1. **MLIR Dialect**: The project defines a custom MLIR dialect called "nisa" that encapsulates Trainium's instruction set.

2. **J2Gen Dialect Scaffolding**: Uses a custom Jinja2-based templating system (j2gen) that transforms concise Python-based operation definitions into verbose TableGen files and custom assembly parsers/printers for MLIR.
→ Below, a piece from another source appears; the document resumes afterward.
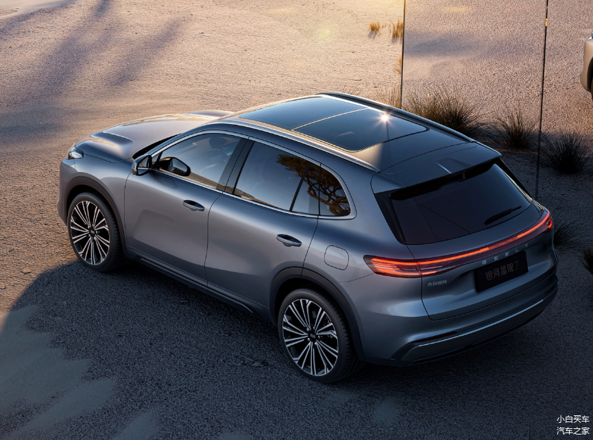 外形部分延续了吉利家族SUV的轮廓,但是前脸部分用到在新能源车上比较流行的贯穿式灯带以及封闭式中网设计,表明了这台车的身份。实际从侧面来看,星舰7 EM-i的体量感还是不小的,在紧凑型SUV里面,也可以算是比较大气的一款。

3. **nisa-opt Tool**: A custom MLIR optimization tool that registers the NISA dialect and processes MLIR files containing NISA operations.

### Key Abstractions

1. **Memory Locations (MemLoc)**: Represents memory buffers with specific shapes, element types, and memory spaces:
   - HBM: High-Bandwidth Memory
   - SBUF: Scratchpad Buffer
   - PSUM: Partial Sum

2. **Engines**: Different execution units within the Trainium architecture:
   - DMA: Data movement engine
   - Tensor: Matrix multiplication engine
   - Vector: Vector processing engine
   - Scalar: Scalar processing engine
   - GpSimd: General-purpose SIMD engine
   - Sync: Synchronization engine

3. **Operations**: Various operations defined for the different engines, including:
   - `DmaCopy`: Copy data between memory locations
   - `Activation`: Apply activation functions (relu, sigmoid, tanh, etc.)
   - `Memset`: Initialize memory with constant values
   - `TensorTensorPower`: Element-wise power operation
   - `TensorTensorBitvec`: Element-wise bitwise operations
   - `TensorReduceBitvec`: Reduction operations with bitwise operations
   - `Reciprocal`: Compute reciprocal of elements

## Usage Example

```mlir
nisa.dma_copy[2, 2](
  dst=!nisa.memloc<[2, 2], f32, hbm> %arg0[%idx0 + d0, %idx0 + d1],
  src=!nisa.memloc<[2, 2], f32, hbm> %arg1[%idx0 + d0, %idx0 + d1]
) engine=dma
```

This represents a DMA copy operation between two memory locations in high-bandwidth memory (HBM), with specific access patterns.

## Building from Source

For developers who want to build NKI from source, see **[docs/BUILDING.md](docs/BUILDING.md)** for complete build instructions.

Quick links:
- **[docs/BUILDING.md](docs/BUILDING.md)** - Complete build guide (Docker and local builds)
- **[docs/ci/ToolchainDockeCiDeveloperGuide.md](docs/ci/ToolchainDockeCiDeveloperGuide.md)** - CI/Docker details

## Development

### Adding New Instructions
When extending the NISA dialect:
1. Define instructions in `build-tools/j2gen/nisa.py` with comprehensive documentation
2. Add test cases in `test/nisa/nisa-op-roundtrip.mlir`
3. Update `docs/nisa/NKINISAMappingTable.md`
4. Verify with `ninja -C build check-nki`

### Documentation
- **[Missing Instructions](docs/nisa/NKINISAMappingTable.md)**: Implementation status tracking
- **[Memory Location Access](docs/MemoryLocationAccess.md)**: Multi-dimensional memory access
- **[Buffer Allocation](docs/nisa/BufferAllocation.md)**: Buffer allocation algorithm
- **[Scheduling](docs/Scheduling.md)**: Instruction scheduling optimization

### Future NKI Components
This repository will expand to include additional NKI compiler components beyond the current NISA dialect implementation, building towards a complete NKI programming environment that provides developers with direct access to NeuronCore capabilities.

## Security

See [CONTRIBUTING](CONTRIBUTING.md#security-issue-notifications) for more information.

## License

This project is licensed under the Apache-2.0 License.